Copy the lines from the start of the records below through the line containing "जैसे ही आप अपना", both included, and leave out the pictures.

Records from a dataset
⟨
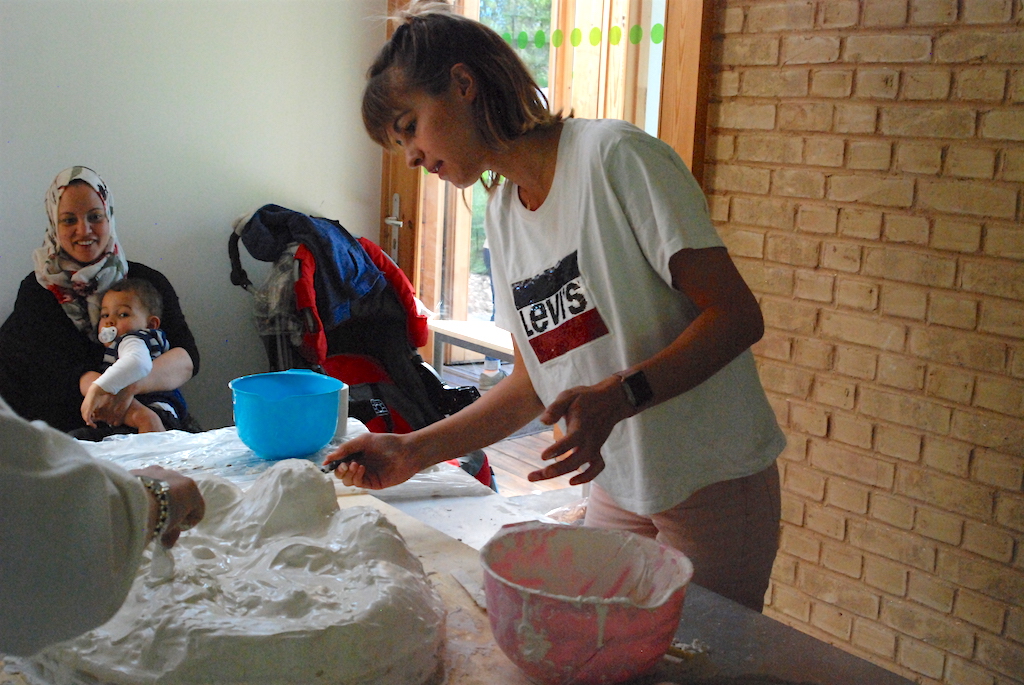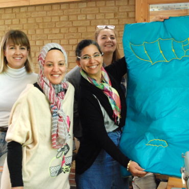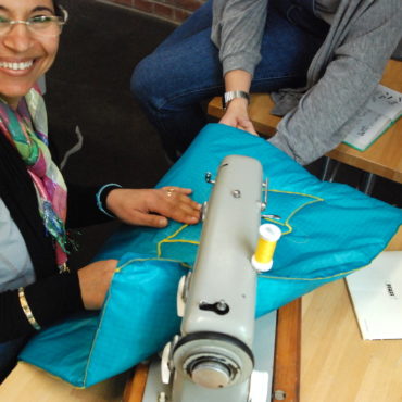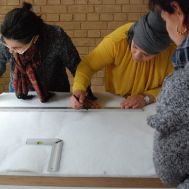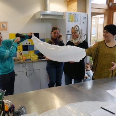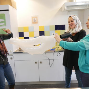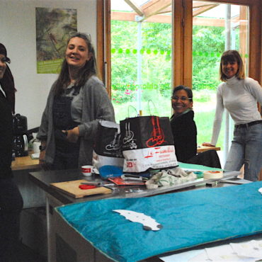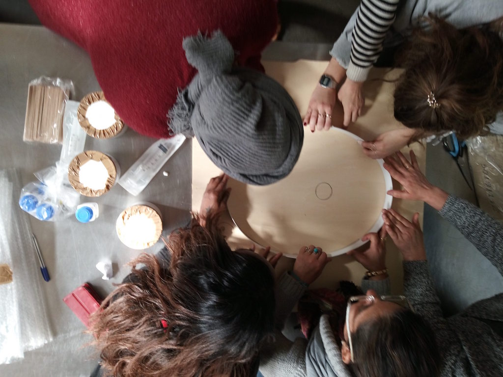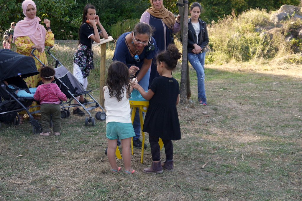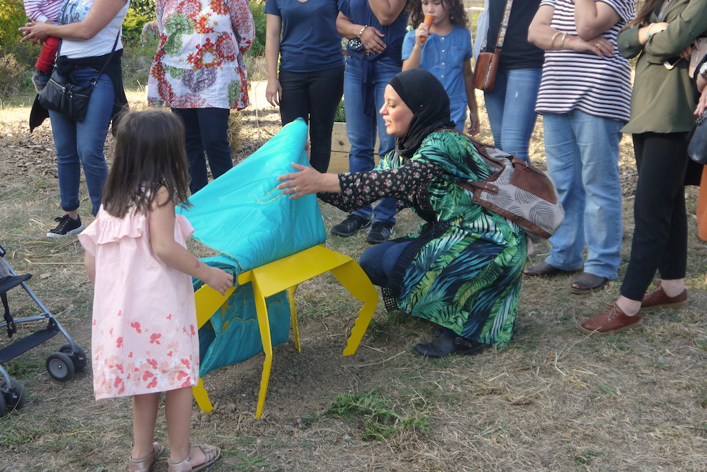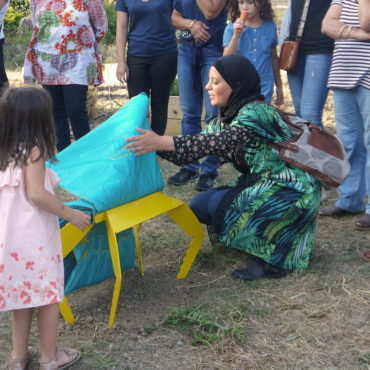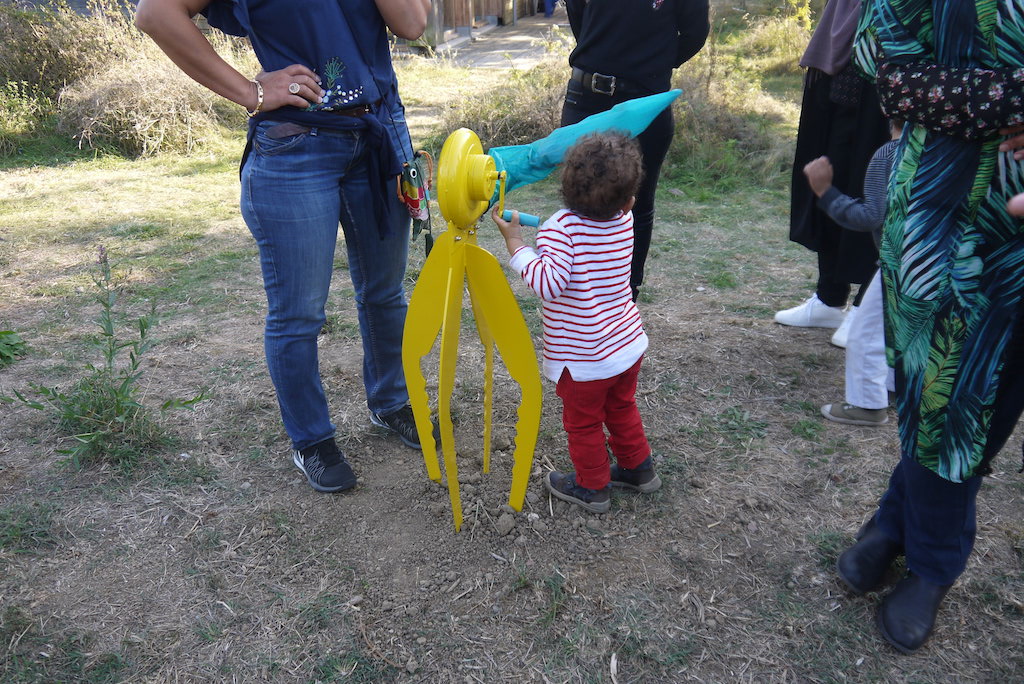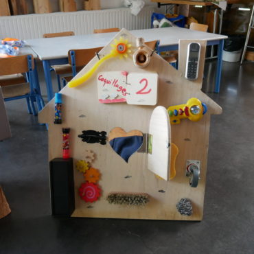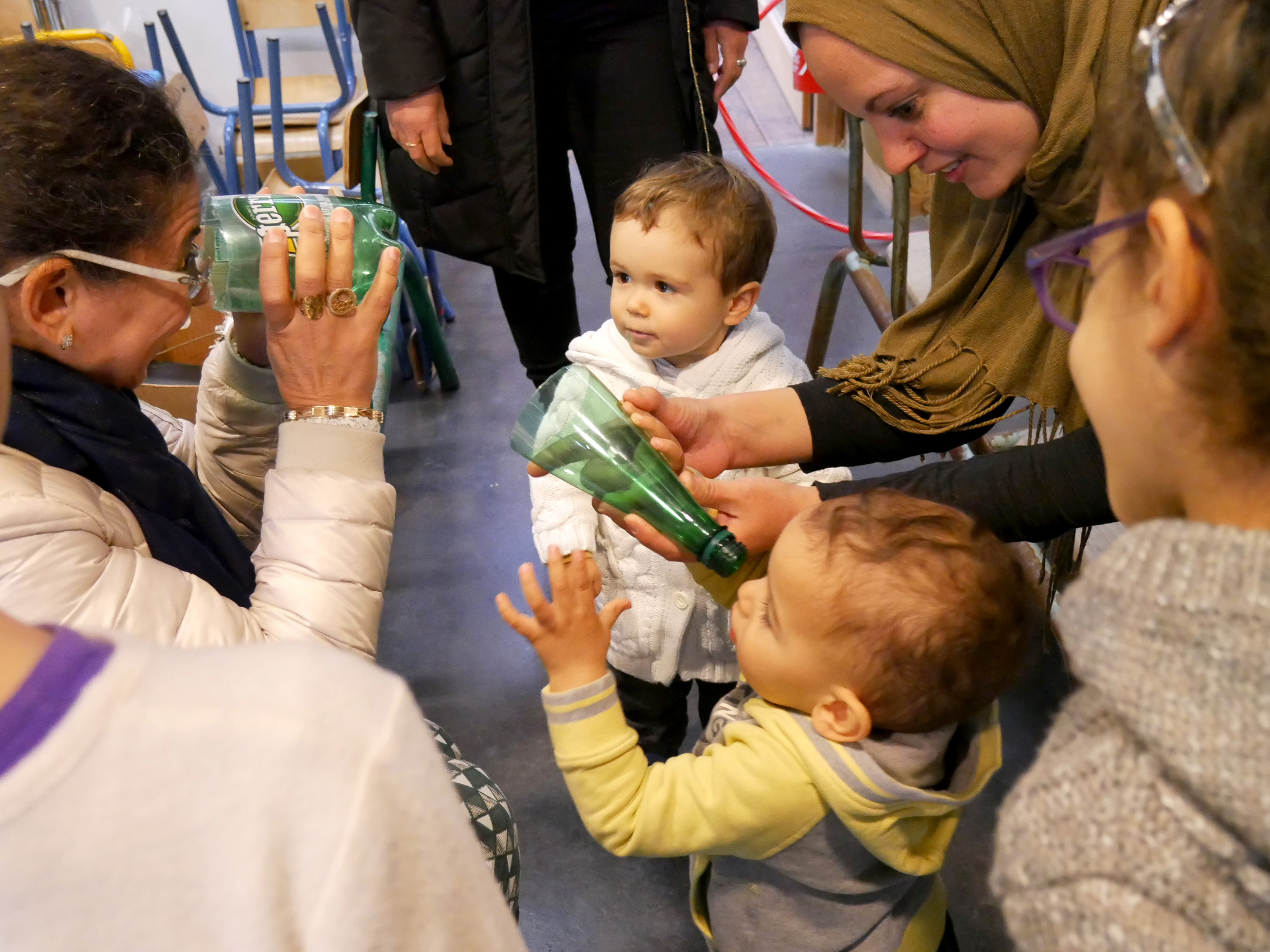 Nous commençons la séance en découvrant les outils pédagogiques inventés et réalisés par Najiba et l’association ARAMA. Cela nous permet de faire un point sur les manipulations, textures, sons et explorations intéressants pour les enfants de 2 à 6 ans.
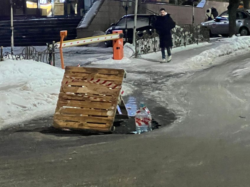 Часть канализационного люка, который ремонтировали не один раз за зиму, вновь провалилась, утянув за собой и асфальт. Опасный объект на улице Морозова в очередной раз огорожен.
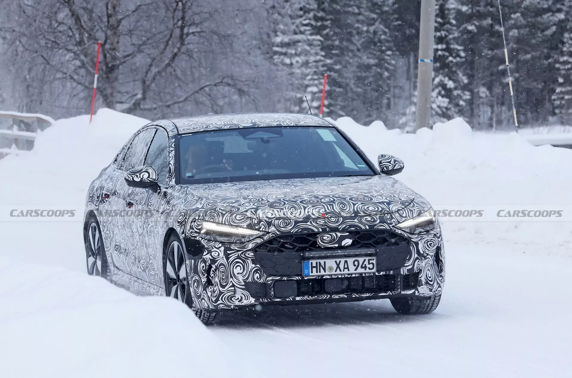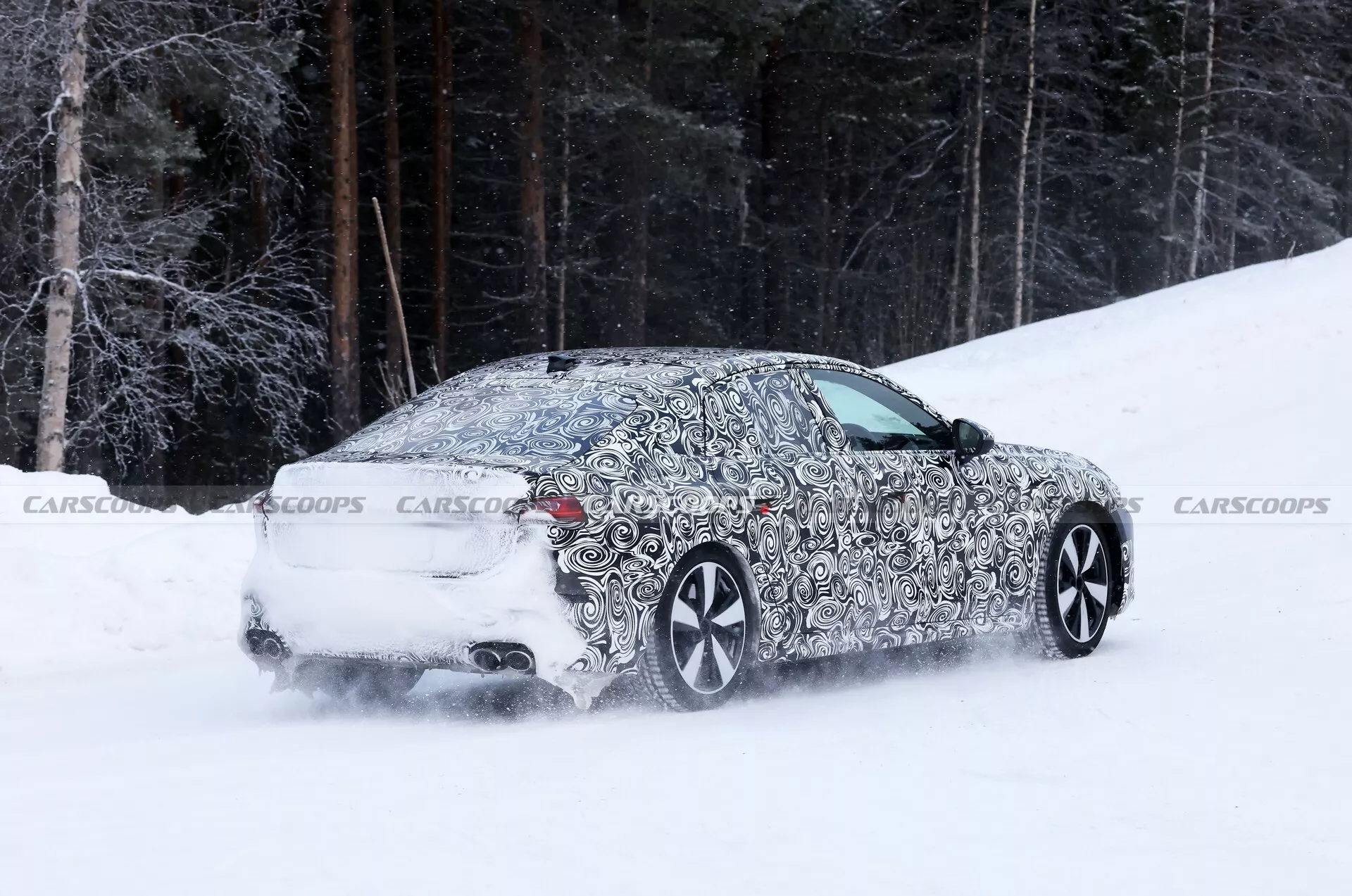Также заметны новые полускрытые дверные ручки, установленные заподлицо. Задняя часть частично скрыта снегом, но можно рассмотреть тонкие задние фонари. Автомобиль также оснащён закруглённым задним бампером и знакомой выхлопной системой с четырьмя патрубками.
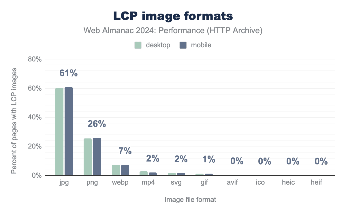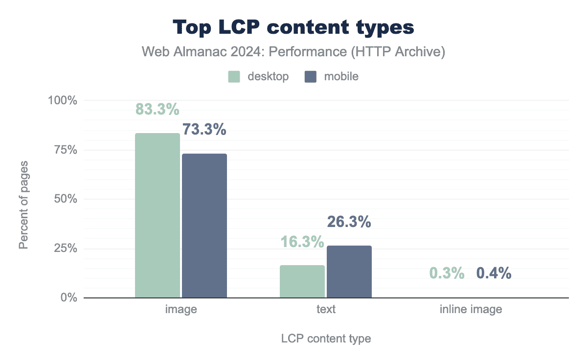 Most LCP elements, or 73% of mobile pages, are images. Interestingly, this percentage is 10% higher on desktop pages. The situation is reversed for text content. Compared to desktop, 10% more mobile webpages use text as their LCP element. This difference is likely because desktop websites can accommodate more visual content due to larger viewport sizes and generally higher performance.
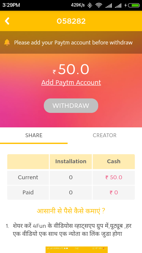 जैसे ही आप अपना मोबाइल नंबर डालकर ओके बटन दबाएंगे। तो आपके मोबाइल नम्बर पर एक ओटीपी का मैसेज जाएगा। इस ओटीपी को आप टाइप करके इस एप में लॉगिन हो सकते है। जैसे ही आप लॉगिन होंगे। आपके एकाउंट में 50 रुपये तुरन्त मिल जाते है। आप ऊपर के चित्र में देख सकते है। इसके बाद आपको वीडियो शेयर करते रहना है। एक शेयर का आपको 1 रुपया तुरन्त मिल जाता है। इस शेयर किए गए वीडियो में एक लिंक भी जाता है। यदि कोई इस लिंक पर क्लिक करके इस एप को डाउनलोड करता है। तो आपको 7 रुपये मिल जाते है। अब सोच सकते है। एक दिन में आप कुछ घंटे खर्च करके अपने स्मार्टफोन से कितना पैसा कमा सकते है। इस एप को लिंक से ही डाउनलोड करें। तभी 50 रुपये मिलेंगे। अपने सवाल आप कॉमेंट बॉक्स में पूछ सकते है। यहां से डाउनलोड करें। 4FUN
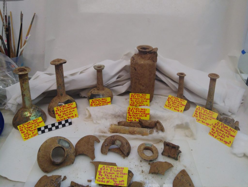 Τα κινητά ευρήματα του τάφου, έχουν μεταφερθεί στο Τμήμα Συντήρησης του Αρχαιολογικού Μουσείου Ερέτριας, προκειμένου να συντηρηθούν και να τεκμηριωθεί η χρονολόγηση τους. Καθώς τα πέντε υάλινα μυροδοχεία έχουν σωθεί ακέραια και αποτελούν μια ενότητα, από την οποία δύναται να εξαχθούν ενδιαφέροντα στοιχεία για την τυπολογία και την χρήση τους, η Εφορεία Αρχαιοτήτων Ευβοίας, ήδη προγραμματίζει την έκθεσή τους στο Αρχαιολογικό Μουσείο Καρύστου, όπου υπάρχει μια μικρή ενότητα από μυροδοχεία προερχόμενα από τη Ρωμαϊκή Νεκρόπολη της Καρύστου (θέση Ξάνεμο). Προς έκθεση και εξαγωγή σημαντικών πληροφοριών, αναφορικά με την επεξεργασία του χαλκού και την δημιουργία αγγείων υψηλής αισθητικής, προσφέρεται και ο χάλκινος κάλαθος, με το ανάγλυφο σώμα και την πλοχμοειδή λαβή, στις απολήξεις της οποίας, εκατέρωθεν, είναι αναρτημένα δυο λεπτά χάλκινα φύλλα, που αποδίδουν με ρεαλισμό τα φύλλα του κισσού.
⟩
### Response to this exercise:
 Nous commençons la séance en découvrant les outils pédagogiques inventés et réalisés par Najiba et l’association ARAMA. Cela nous permet de faire un point sur les manipulations, textures, sons et explorations intéressants pour les enfants de 2 à 6 ans.
 Часть канализационного люка, который ремонтировали не один раз за зиму, вновь провалилась, утянув за собой и асфальт. Опасный объект на улице Морозова в очередной раз огорожен.
Также заметны новые полускрытые дверные ручки, установленные заподлицо. Задняя часть частично скрыта снегом, но можно рассмотреть тонкие задние фонари. Автомобиль также оснащён закруглённым задним бампером и знакомой выхлопной системой с четырьмя патрубками.
 Most LCP elements, or 73% of mobile pages, are images. Interestingly, this percentage is 10% higher on desktop pages. The situation is reversed for text content. Compared to desktop, 10% more mobile webpages use text as their LCP element. This difference is likely because desktop websites can accommodate more visual content due to larger viewport sizes and generally higher performance.
 जैसे ही आप अपना मोबाइल नंबर डालकर ओके बटन दबाएंगे। तो आपके मोबाइल नम्बर पर एक ओटीपी का मैसेज जाएगा। इस ओटीपी को आप टाइप करके इस एप में लॉगिन हो सकते है। जैसे ही आप लॉगिन होंगे। आपके एकाउंट में 50 रुपये तुरन्त मिल जाते है। आप ऊपर के चित्र में देख सकते है। इसके बाद आपको वीडियो शेयर करते रहना है। एक शेयर का आपको 1 रुपया तुरन्त मिल जाता है। इस शेयर किए गए वीडियो में एक लिंक भी जाता है। यदि कोई इस लिंक पर क्लिक करके इस एप को डाउनलोड करता है। तो आपको 7 रुपये मिल जाते है। अब सोच सकते है। एक दिन में आप कुछ घंटे खर्च करके अपने स्मार्टफोन से कितना पैसा कमा सकते है। इस एप को लिंक से ही डाउनलोड करें। तभी 50 रुपये मिलेंगे। अपने सवाल आप कॉमेंट बॉक्स में पूछ सकते है। यहां से डाउनलोड करें। 4FUN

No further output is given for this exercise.